In Sunday’s election, the Social Democrats won the largest share with 28.4% of votes, giving them 101 seats, with the center-right Moderate party taking 19.8%, or 70 seats.
But the two main parties lost the most ground compared to 2014 elections, with the Social Democrats losing 12 seats and the Moderate party 14. The populist nationalist Sweden Democrats gained 13 seats.
n his post-election speech, Sweden Democrats leader Åkesson called on other parties to acknowledge his party’s success by entering into talks with it. He singled out the centre-right’s candidate for premier, Moderates leader Ulf Kristersson, for possible negotiations.
“I invite Ulf Kristersson to talk about how this country is supposed to be governed in the future,” he said.
“This is a very clear signal to the voters that the government we have had, it does not support the support of the majority of voters,” he added.
Sweden has had a succession of recent coalition and minority governments, but like in many European elections, the vote has been further splintered, making coalition talks likely to be torturous.
Political analyst Aylott said that while a German-style “grand coalition” between the main Social Democrats and Moderates is possible, another alternative might be an alliance under a new prime minister chosen as “the candidate parliamentarians dislike the least” in accordance with Sweden’s parliamentary system.
“Quite possibly, then, Sweden will emerge with a rather extreme form of minority government,” said Aylott. “It might not be what Sweden really needs.
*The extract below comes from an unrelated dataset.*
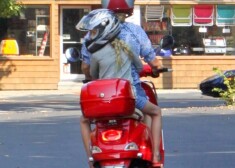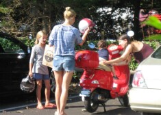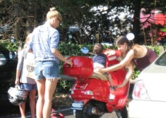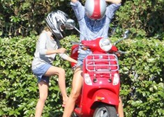 Gvineta Paltrova ar meitu Eplu uz skūtera
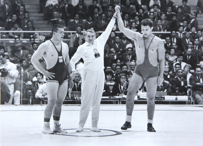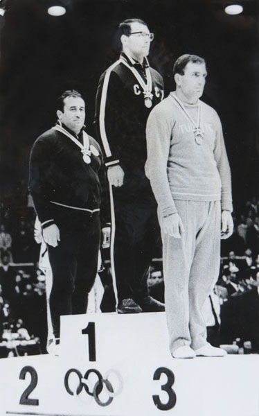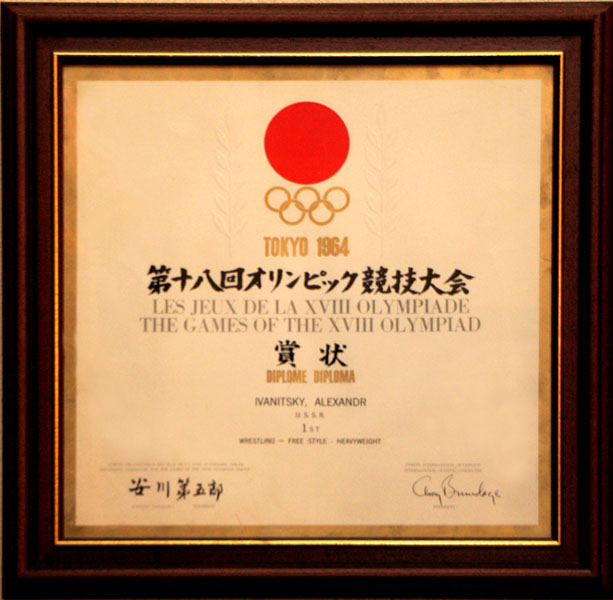 Чемпион Игр XVIII Олимпиады 1964 года в Токио по вольной борьбе в весовой категории свыше 97 км Александр Иваницкий. Пьедестал почёта: Л Ахмедов (Болгария), А.Иваницкий (СССР), Х.Каплан (Турция). Диплом олимпийского чемпиона

But it is not a recipe for chaos.”

Migration a game-changer

Voter Anton Loin said Swedes were increasingly looking for political alternatives. “I think that it shows that people are disappointed with how the country is run, and they are rooting for something, they want something different, but it’s not necessarily the best kind of different,” he said of the far right’s rise.
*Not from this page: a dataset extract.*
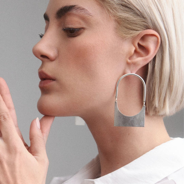 Composées d'un fil rond et d'une plaque brossée. Articulées par 2 petits anneaux brossés. Modèle asymétrique disponible en 3 tailles.
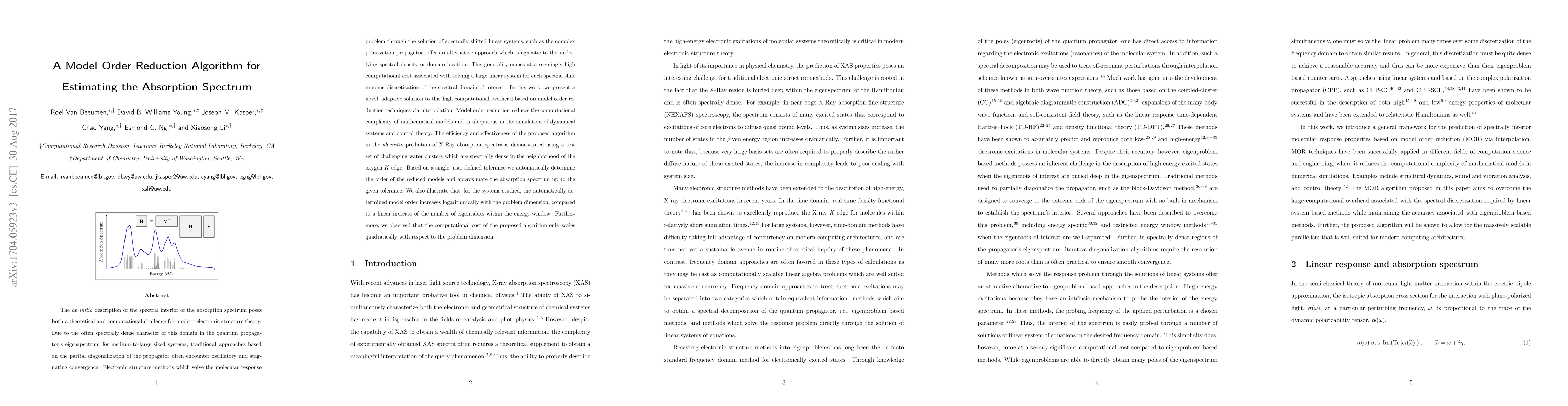 This paper introduces a novel algorithm for estimating X-Ray absorption spectra using model order reduction techniques. The method efficiently handles the computational challenges of spectral density in medium-to-large systems, demonstrating logarithmic growth in model order and quadratic scaling in computational cost with problem dimension. It's effectively validated using water clusters near the oxygen K-edge.

Tuva Sundh, who also cast her vote Sunday, said she was concerned about integration. “But I’m not sure about the way of the Sweden Democrats. I think it’s healthy to have debate. But I do think it’s become too heated in this election.”
Leaders in Brussels will be disappointed with the party’s surge ahead of the European Parliament’s elections in May next year, as they bid to discourage euroskepticism following the UK’s decision to leave the EU, and as populist parties form alliances to shake up the EU establishment ahead of the vote.
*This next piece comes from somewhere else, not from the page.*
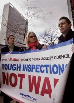 這份包括60萬(wàn)美國(guó)人的簽名請(qǐng)?jiān)笗?shū)呼吁聯(lián)合國(guó)安理會(huì)繼續(xù)對(duì)伊拉克進(jìn)行武器核查以避免戰(zhàn)爭(zhēng)。名叫“蠃得勝利,不用戰(zhàn)爭(zhēng)”的聯(lián)合會(huì)表示,他們希望通過(guò)這些安理會(huì)常任理事國(guó)代表向各自國(guó)家政府傳遞這樣一個(gè)信息:薩達(dá)姆·侯賽因可以在避免戰(zhàn)爭(zhēng)的情況下被監(jiān)督。他們這么做,旨在為聯(lián)合國(guó)核查人員爭(zhēng)取必要的時(shí)間以完成自己的職責(zé),而并不是請(qǐng)求什么不可實(shí)現(xiàn)的東西。

Far-right populists in Europe, however, were celebrating the Sweden Democrats’ rise.
Marine Le Pen, leader of France’s far-right euroskeptic National Rally, said on Twitter: “Another bad night for the European Union in perspective. The democratic revolution in Europe is underway!”
The Social Democrats and its allies have tried to appease anti-migrant sentiment in the country by urging more integration programs and resources for refugees in marginalized communities, and to help them gain access to education.
The center-right Moderates had pledged to give more funds to the police, and pushed for Swedish migration policy to fall in line with laws in other EU countries, such as Denmark and Germany. This would mean that migrants won’t be able to stay unless they can prove that they can support themselves, enabling them to get a permanent residence permit.
They were also looking at ways of more quickly incorporating migrants into the workforce, such as promoting “simple jobs,” a reference to work that can be obtained with only an elementary education.